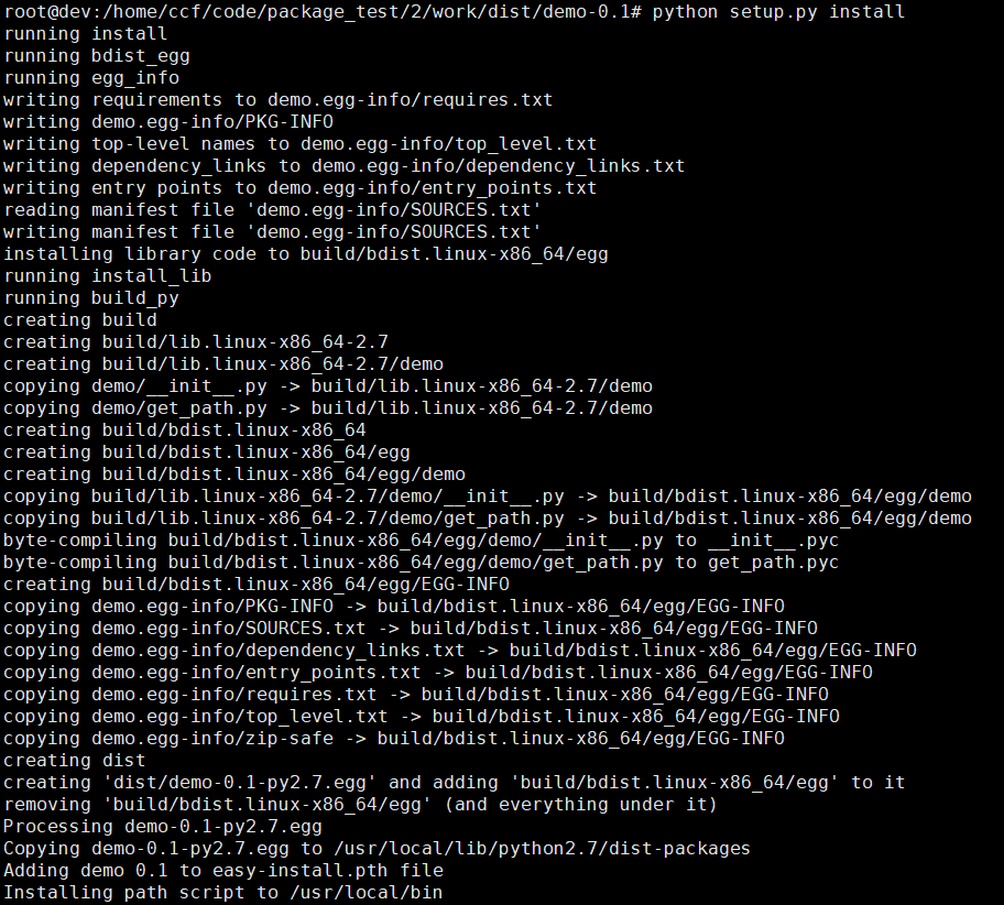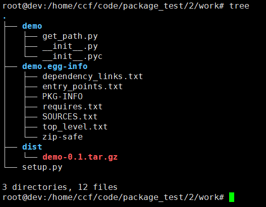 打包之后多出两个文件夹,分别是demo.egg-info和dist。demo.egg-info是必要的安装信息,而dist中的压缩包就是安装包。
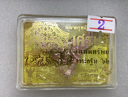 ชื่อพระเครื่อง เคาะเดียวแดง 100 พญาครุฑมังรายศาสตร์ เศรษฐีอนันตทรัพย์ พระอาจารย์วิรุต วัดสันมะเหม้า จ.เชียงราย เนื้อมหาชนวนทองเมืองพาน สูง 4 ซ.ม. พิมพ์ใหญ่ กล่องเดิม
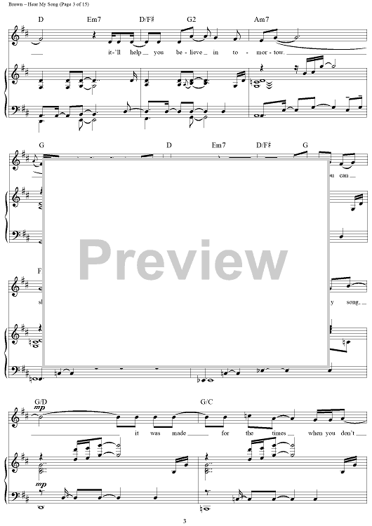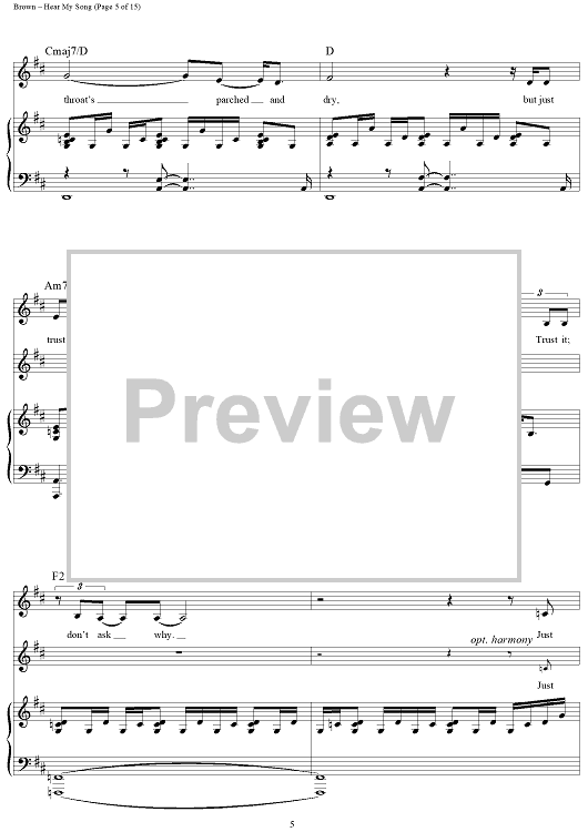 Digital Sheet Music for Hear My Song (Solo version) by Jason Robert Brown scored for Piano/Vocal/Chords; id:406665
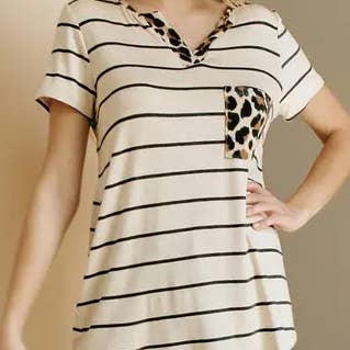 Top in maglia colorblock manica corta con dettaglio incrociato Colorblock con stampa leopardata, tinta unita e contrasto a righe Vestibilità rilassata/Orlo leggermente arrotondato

WHAT IS REQUIRED >> The result is an exact copy of the lines from the one holding "Digital Sheet Music" through the final line of the data above, both ends included, minus the pictures.

SOLUTION TO THE EXERCISE >>
 Digital Sheet Music for Hear My Song (Solo version) by Jason Robert Brown scored for Piano/Vocal/Chords; id:406665
 Top in maglia colorblock manica corta con dettaglio incrociato Colorblock con stampa leopardata, tinta unita e contrasto a righe Vestibilità rilassata/Orlo leggermente arrotondato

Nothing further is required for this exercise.